EDIT: usually at home, i store them in my secret puzzle hideout, to avoid anyone to touch/scramble them, and before i get to bed i check them through so everything is solved x))

EDIT: just to clarify the above, i usually does showcasing away from home, like when im at my grandfather on a school holiday, since my puzzle collection is still small enough to follow me wherever i go


----------



## hawkmp4 (Aug 14, 2010)

Oljibe said:


> (hate my 2x2x2 for that thought, got blue opposite to white, dunno what color scheme that is )



Japanese. What brand is it?


----------



## Olji (Aug 14, 2010)

rubik's, bought from a retailer in sweden (after that, i started to buy online, since they only sell rubik's brand >_>


----------



## hawkmp4 (Aug 14, 2010)

Ah, interesting.
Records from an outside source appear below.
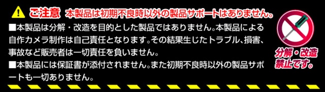 | 注意事項 | ※輸入品につき、製品・箱等に多少の汚れ・キズがある場合がございます。ご了承ください。著しい破損や初期不良については期間内に限り、交換させて頂きます。 ※本製品は非防水です。雨天や水中撮影は故障の原因になります。 ※本製品は安定動作のためにACアダプタ接続動作を推奨します。 ※記載している連続動作時間は新品状態での実測に基づく参考値です。新品状態でも使用する環境温度や状況などにより変化しますので、この数値を保証するものではありません。新品状態でフル充電直後の連続使用時間が参考値の80%以上であれば正常とみなします。充電池の仕様上、使用頻度、経年劣化でこの数値は下がります。 ※本製品は精密機器です。取扱いには十分ご注意ください。 |
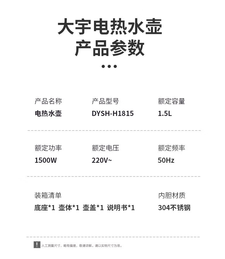 大宇/DAEWOO 电热水壶1.5L大容量家用双层防烫烧水壶DYSH-H1815
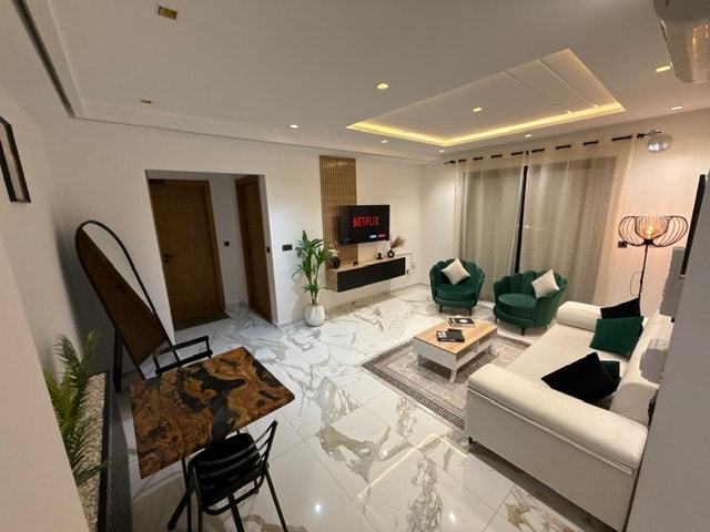 L’appartement se trouve dans le meilleur quartier de Sousse, à cinq minutes du port. On y trouve le parc d’attraction, les acqua park et plusieurs activités accessibles à pied. La résidence est sécurisée et l’environnement est calme. L’appartement a une très belle vibe on s’y sent détendu, comme chez soi. On peut y voir l’aube, le coucher de soleil et une vue agréable même la nuit. C’est un endroit où l’on peut profiter de la nature et d’une touche de luxe en même temps.
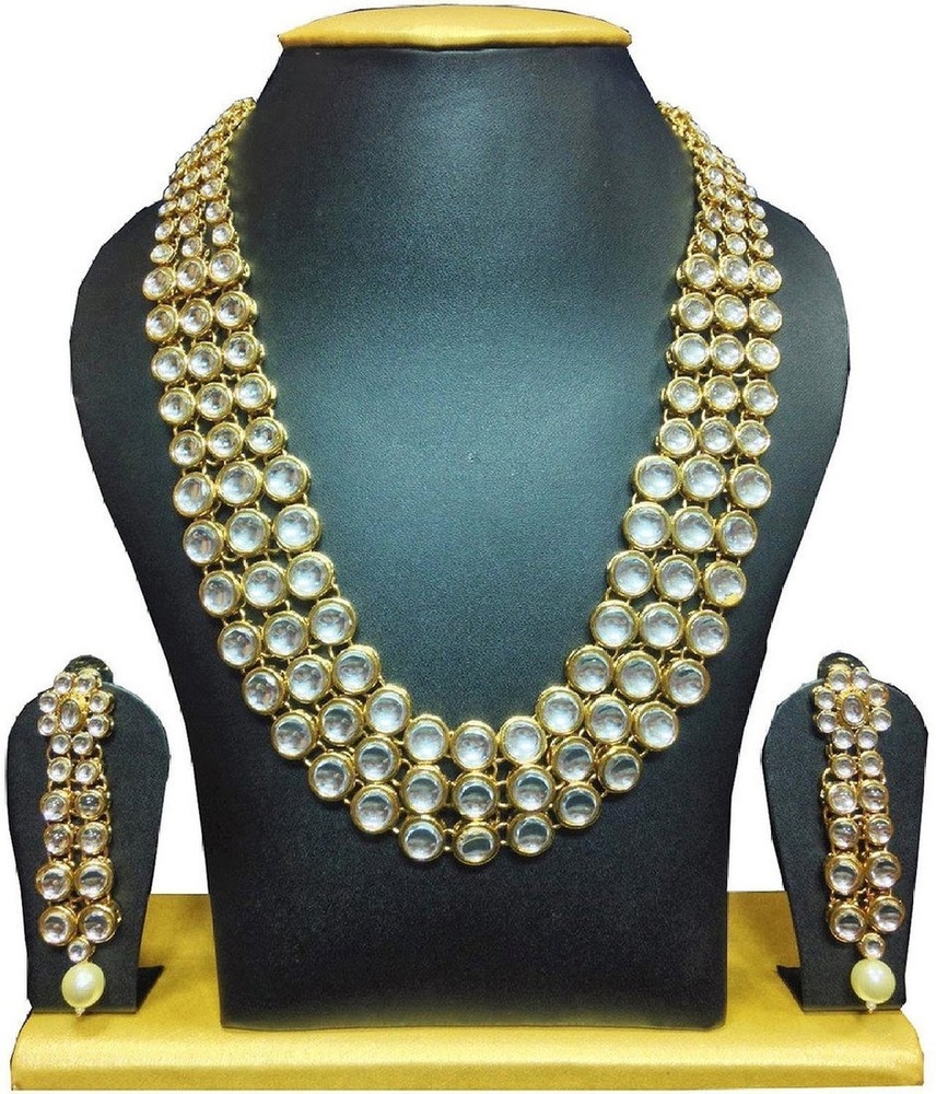 I Jewels Indian Bollywood Gold Plated Faux 3 Layered Kundan Party Wear Jewelry Set for Women (IJ301) Product Details Color: Gold Brand: I Jewels MPN: IJ301W UPC: Does not apply EAN: Does not apply Department : womens Date First Available : May 6, 2021 Manufacturer : I Jewels Brand, Seller, or Collection Name: I Jewels Metal stamp: 18k Metal: alloy Gem Type: not-applicable Chain: Bead Clasp: Lobster Clasp Resizable: No Model number: IJ301W Ca I Jewels presents this beautiful Kundan Jewellery set. This set is light in weight. It is made from good quality of stone and kundan with a blend of gold plating and hence the look of the set is rich. It can be worn in weddings and speical occasions.
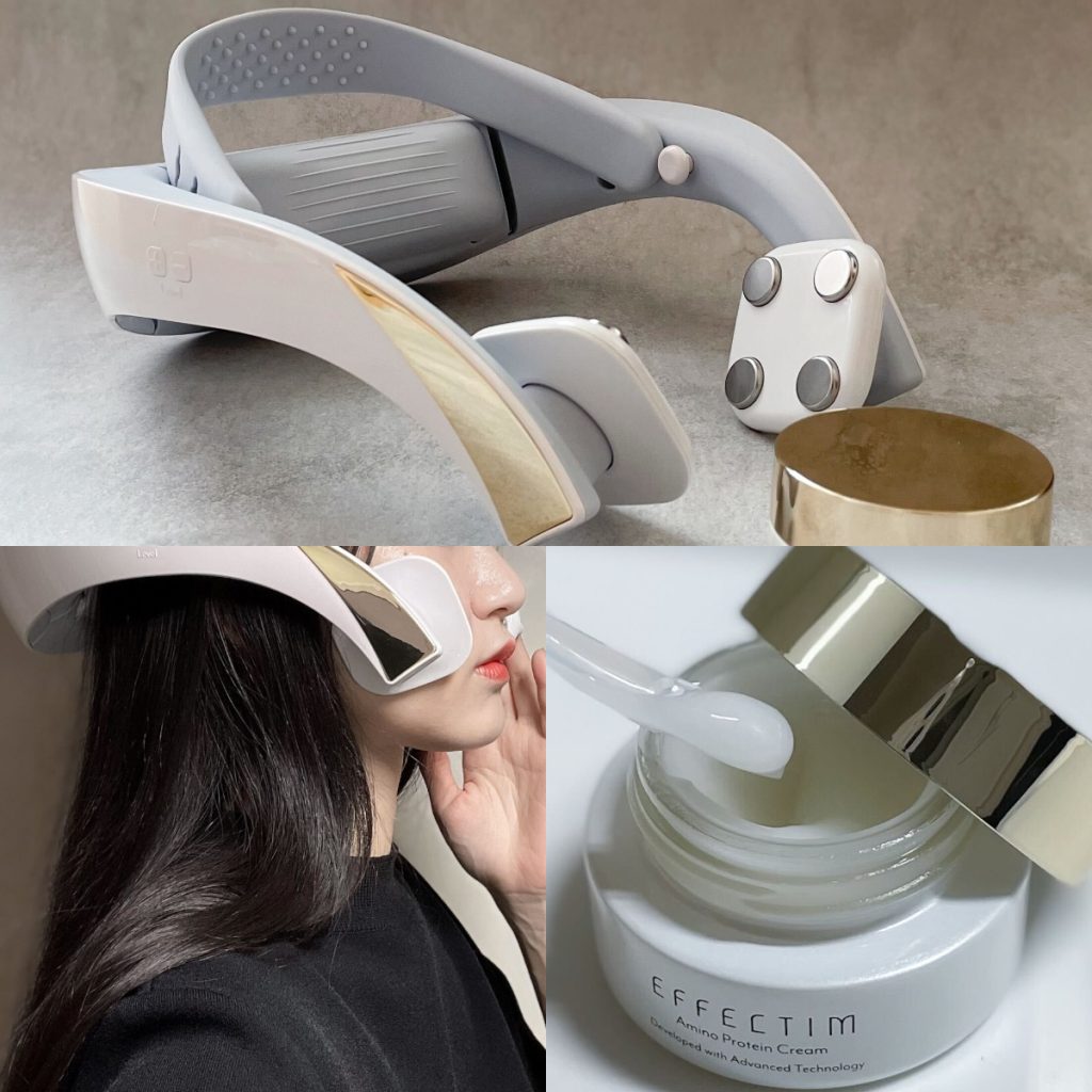 「エフィクティム」は、資生堂の先端皮膚科学研究に基づき、美容機器の物理エネルギーと化粧品の生命科学エネルギーを組み合わせたエイジングケア*1ブランド。今回新たに発売される『エフェクティム クイック フェイシャル トレーナー』は、“ながら美容”に最適な、ヘッドセット型の美顔器です。新技術の「干渉波EMS」を搭載することで、肌表面の痛みやピリつきを軽減しながら、心地良く表情筋を刺激します。また、美顔器と一緒に使いたい『エフェクティム アミノプロテイン クリーム』も同時発売。真珠タンパク・アミノ酸・グリセリンなどを新配合したアミノプロテインコンプレックス*2が配合された、若々しい肌へと導くクリームです。
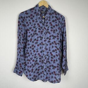 J.Crew, blurred cherries print, novelty shirt, button-down, preppy style, classic closet staple, workwear blouse, XS women's top, soft viscose
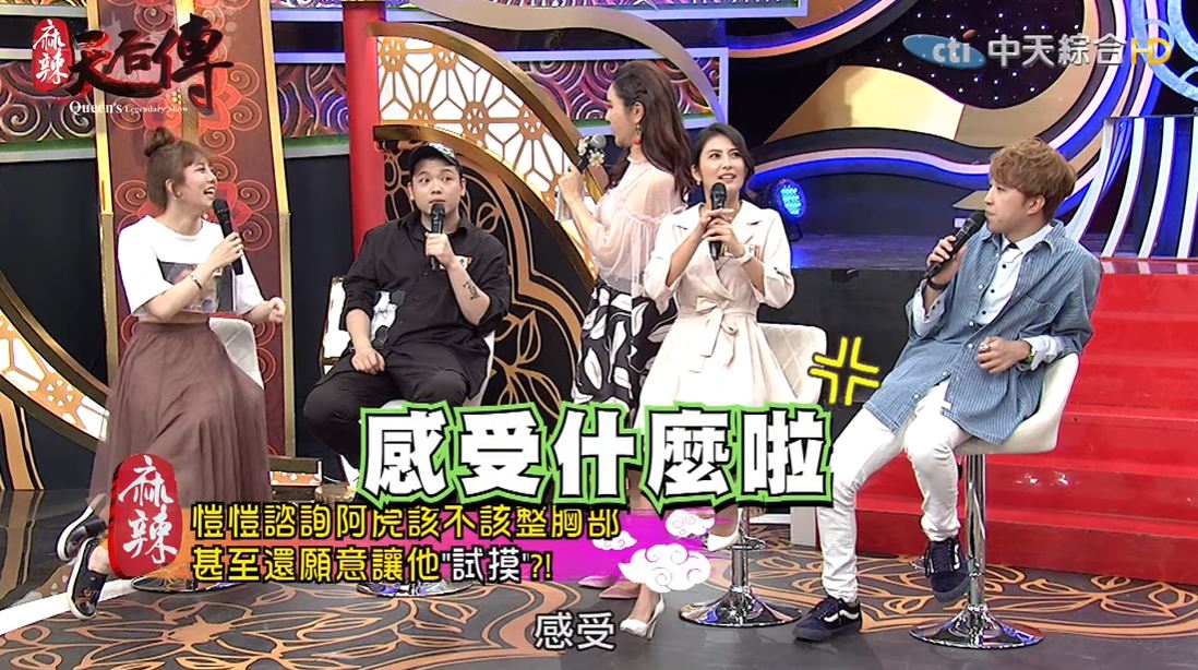 個性搞笑的大根現在是《麻辣天后傳》的助理主持,過去他曾和「國光女神」愷愷有過一段情。沒想到愷愷日前受邀上節目,和他們兩人的共同好友阿虎互動曖昧,兩人時不時有肢體接觸,甚至愷愷還大方邀請阿虎摸胸部「感受一下」,讓原本一直故作鎮定的大根理智線秒段,忍不住嗆聲:「感受甚麼啦!」
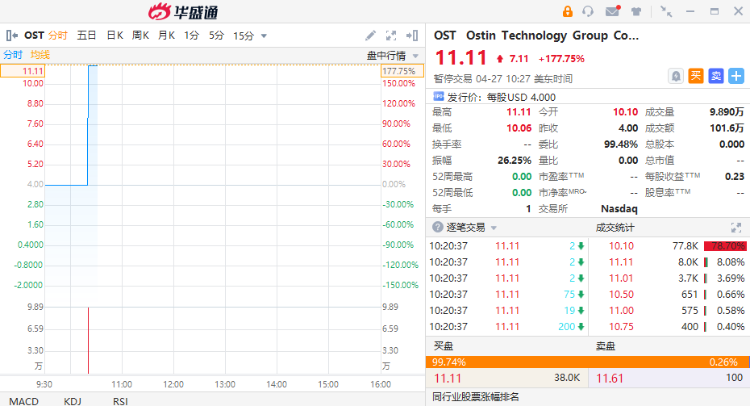 华盛资讯4月27日消息,中国显示模组和偏光片供应商奥斯汀科技集团正式登陆纳斯达克,截至发稿,该股涨超177%触发熔断,现报11.11美元。
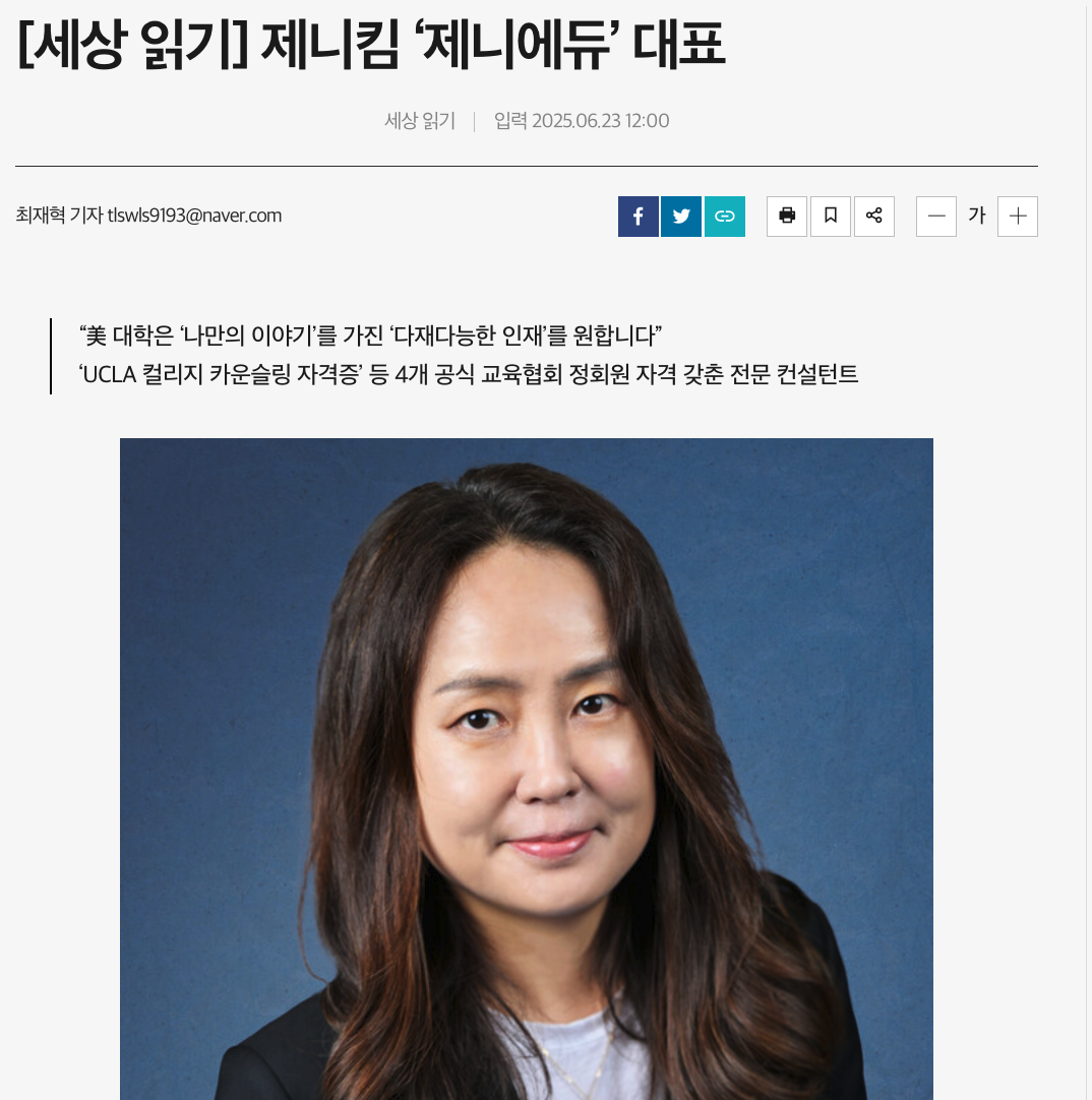 이번 CEO 저널 인터뷰가 특별한 이유는 미국 현지에서 입시 사정관들과 직접 네트워킹하며 얻은 살아있는 정보와 12년 동안 컨설팅 해 온 노하우를 바탕으로 2025년 입시 변화를 분석했기 때문이에요.
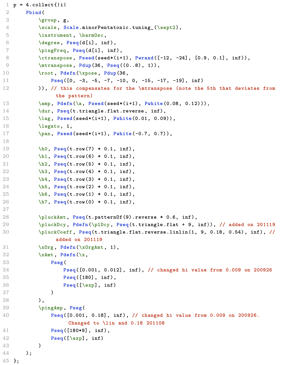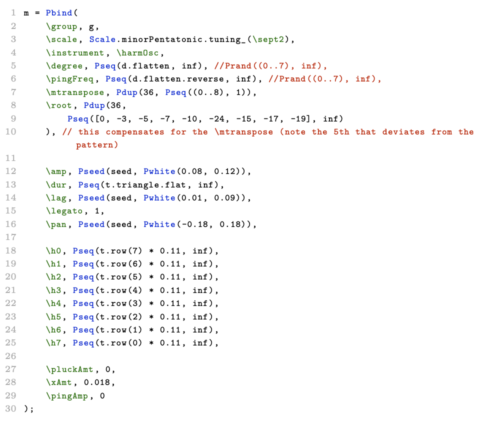 For the entire piece, the sequence of thirty-six chords is repeated nine times. Accents in the pattern occur four times in each repetition by emphasizing the level of the Pluck resonances, following the pattern of nines in the triangle, read bottom-top right-left (the \pluckAmt key on line 28 in above). There is also a subtle rhythmic pattern of hi-pitched 'pings' slowly fading in throughout the whole piece. These are based on an additional sine oscillator, amplitude modulated by a low frequency saw oscillator, where the frequencies for both are derived from the same sub-array that sets the scale degrees.

I'd never heard of a 2x2 with that colour scheme before.


----------



## Olji (Aug 14, 2010)

here's the 2x2, with a normal 57mm 3x3 next to it for size measurment, thought it might be easier to understand with pics color scheme is: Blue-white Green-yellow and Red-orange

btw: soz for going off topic x)


----------



## cyoubx (Aug 14, 2010)

2 pet peeves
1. Can't leave it unsolved
2. Must have the green side facing me when solved with white/black on top.


----------



## Daniel Wu (Aug 14, 2010)

1. Can't leave it unsolved. (Who could do that.  )
2. Blue on top, yellow on front.
3. Must be in it's correct place on my shelf after I'm done cubing.


----------